The main way this happens now is that the pipeline elements actually return a custom data type that represents the composed set of functions, and we can (for at least part of the pipeline) handle simplification and combination of that into a single set of functions to run over the `timevector`.

With that said, there isn't great support for common subexpression elimination in PG right now, we're hoping we can solve some of that with both subqueries and maybe some fun stuff in the planner/executor, but we're going to try to solve that as we think about moving this from experimental into stable.

Right now we hardly modify the query engine at all, these are just normal functions that are run and they'll probably remain that way for a while. The optimization here will happen more inside the datastructure or within a row to make sure we're not scanning the same `timevector` multiple times ideally. We do hope to add in some vectorization and other bits as we keep going but not 100% where that's going to go yet. I'm also going to ask a colleague to respond and clarify this cause he's working more heavily on it and I know some of the bits but only some of it...

1 comments

chrisjc 1744 days ago

> return a custom data type that represents the composed set of functions, and we can (for at least part of the pipeline) handle simplification and combination of that into a single set of functions to run over the `timevector`

I'm really having trouble wrapping my head around this idea. I guess it speaks volumes about the potential and power of PostgreSQL in general.
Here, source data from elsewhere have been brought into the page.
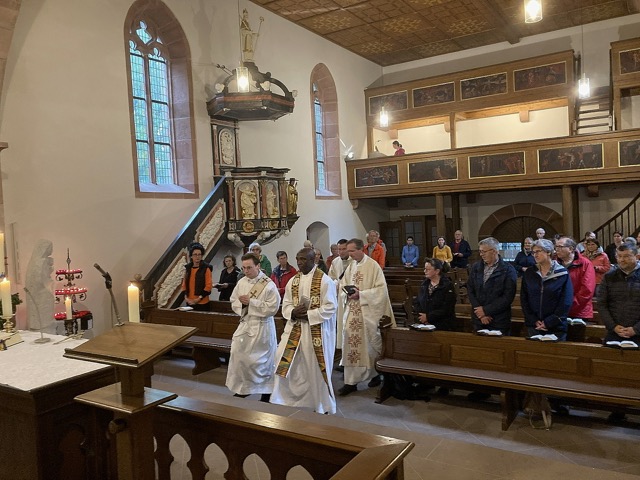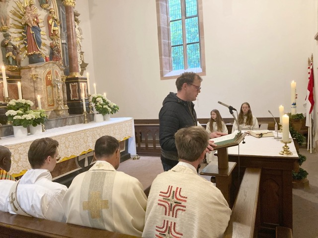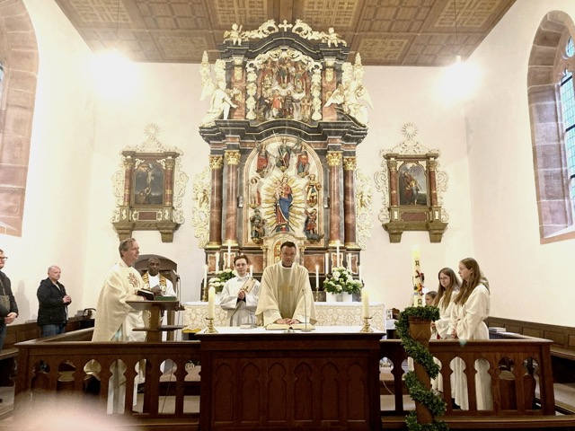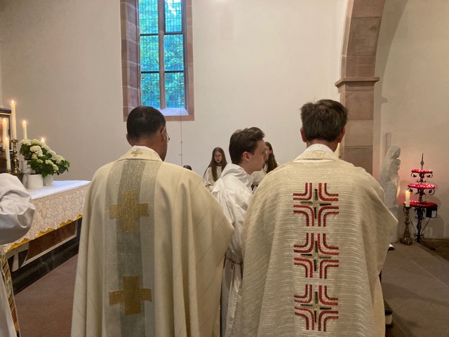 In diesem Jahr war Hauptzelebrant Pfarrer Markus Günther, der zum ersten Mal auf dem Gehilfersberg war. Mit ihm waren die Pfarrer Andreas Matthäi und Aloysius Ndiukwu und Diakon Marcel Krawietz am Altar. Die Orgel spielte Klara Sauerbier.
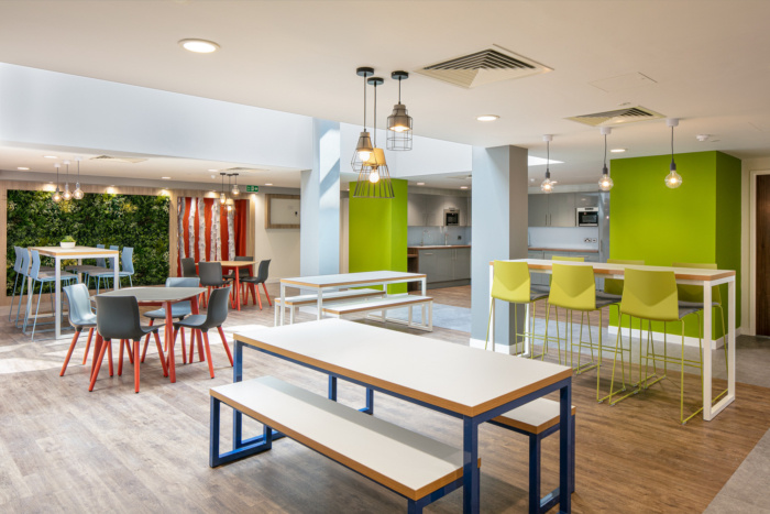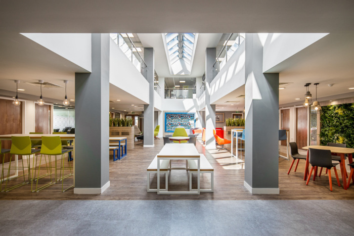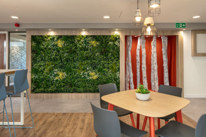 The ground floor houses a large, multifunction space, directly under the glass atrium. The Opus 4 design team embraced many current workplace trends, with biophilic design elements, such as natural finishes to flooring and several nature walls combining silver birch tree bark with an array of mixed foliage. The space also has a mix of seating styles for people to meet, dine and work individually or in clusters. There is an eclectic mix of decorative styles to the walls, with painted finishes, vinyl wallcovering and bespoke 3D wall panelling. The rest of the ground floor houses departmental offices, a large boardroom, management offices, a family room, a large kitchen and shower wet rooms and toilets.
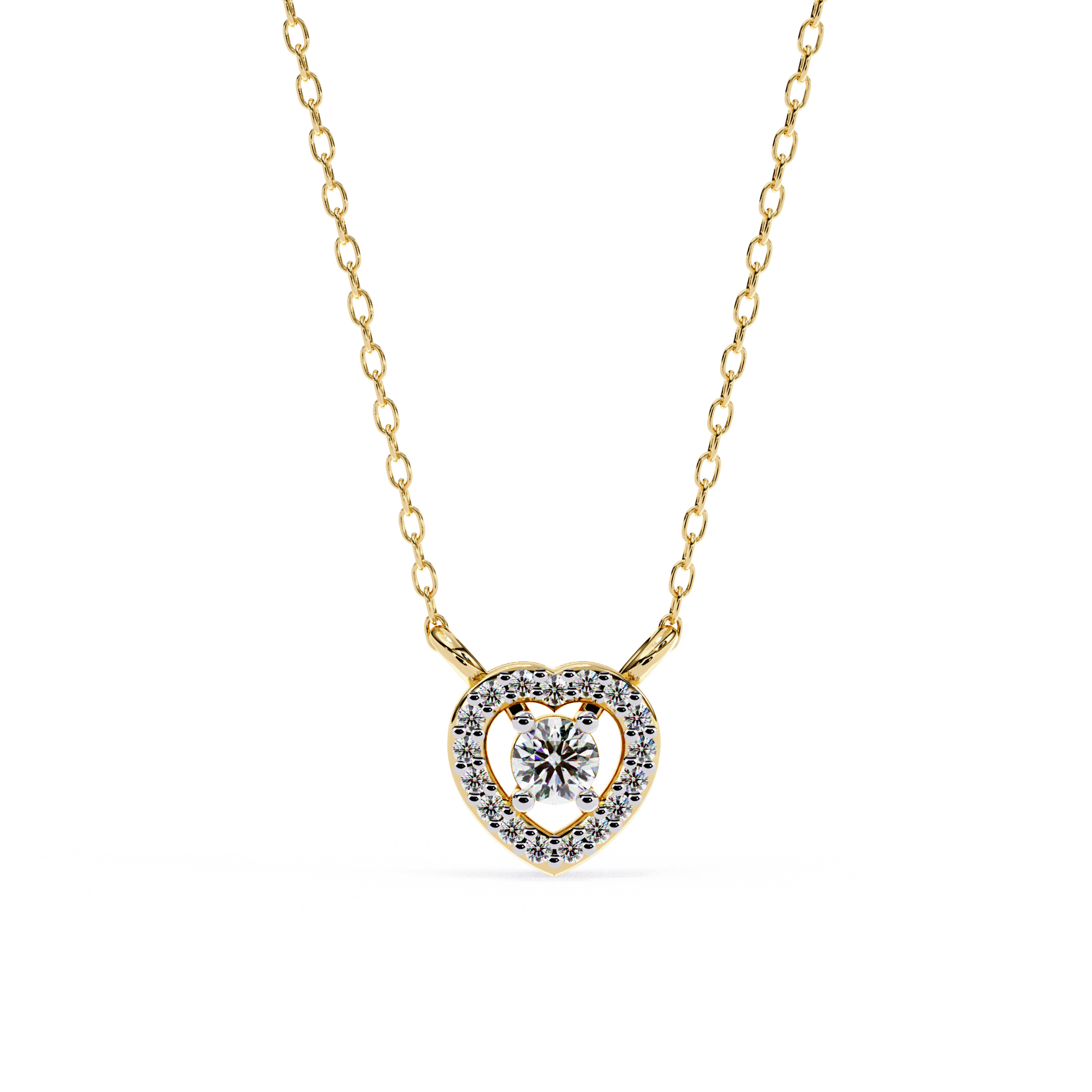 Brilliant central diamond continuously dances and sparkles at the center of a radiant, heart-shaped halo, symbolizing a love that's truly alive.
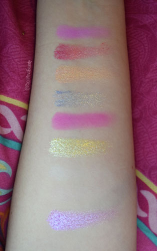 This is a 9 pan palette featuring 4 mattes and 5 shimmers representing the times. There’s a pop of colour along with some pastels and a fair few shimmers. I have to admit that I’m not overly inspired by the colour palette and it isn’t very cohesive as a whole. Thankfully the palette is cruelty free and vegan.
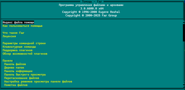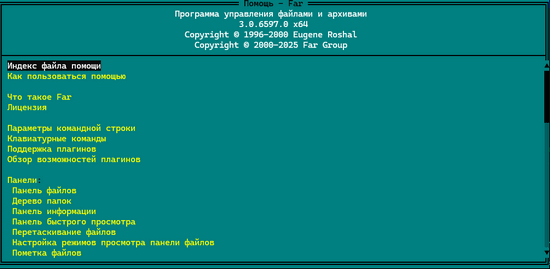 Far Manager — консольный файловый менеджер для операционных систем семейства Windows. Программа предоставляет удобный интерфейс пользователя для работы с файловыми системами (реальными и эмулированными) и файлами.

Has PostgreSQL ever been used like this in the past, or is this really thinking outside of the box?

We don't use TimeScale or have any intention of in the immediate future (Snowflake provides 99% of what we need atm), but I'm always interested and impressed to hear what they're doing.

link

djk447 1744 days ago

(NB: Post author here)

Yeah. It's a bit mind bending I guess. Will try to explain but might just need a longer format thing and we will probably do a piece on this in the future.

Essentially, each function returns a special "PipelineElement" datatype that identifies the function, but not what it's acting on. When you string them together, it returns a "PipelineElement" that represents the composition of all the functions with the correct ordering etc. That can then be applied to the incoming `timevector`.

As far as I know, no one's done this before. I don't think it's a completely new idea, Stonebreaker thought about how you can treat code as data and thought that bringing data and code closer together was an important goal of the Postgres project, but this specific way of doing it is pretty new and out there I think!

I think most people would think that in order to do this you'd need to do something like modify the parser or something more invasive.

(We do use one planner hook on the function call, the expression simplification one that allows us to convert something like `timevector(ts, val) -> sort() -> delta() -> abs() -> sum()` into `timevector(ts, val) -> (sort() -> delta() -> abs() -> sum())` so that all the operations can be done in a single pass. But that's pretty minor. If we need to figure something out around the common subexpression elimination we may need to hook into the planner a little more, we'll see).

link

djk447 1744 days ago

Oh yeah, and building on this, this is also the source of the ability to actually store the pipeline element in the database, say in a column and apply it later that I mentioned in a comment below. That's one of the cool mind-bending things this allows.

The example I gave below was building on the example in the post, where we had thermometers. Except now think about if you have thermocouples and each thermocouple had its own calibration curve, and they were different types so they might even have different types of equations providing the calibration curve.

You can now store the pipeline that does the correct adjustments and calculates the actual temperature separately for each `device_id` and JOIN to the "calibrations" table to apply the calculation.

It's kinda crazy, but really cool and I'm hoping to do a post on that whole thing at some point to encourage people to play around with it and see what sorts of things it allows...

link

derefr 1743 days ago

For your next magic trick, I'd suggest using these to build a Postgres equivalent to Lucene's persisted levenstein automata :)

link

chousuke 1742 days ago

From your description it sounds like you've implemented in PostgreSQL something akin to Haskell's IO, which is also a datastructure representing operations, with ordering enforced by it beind a monad. That sounds pretty cool.

link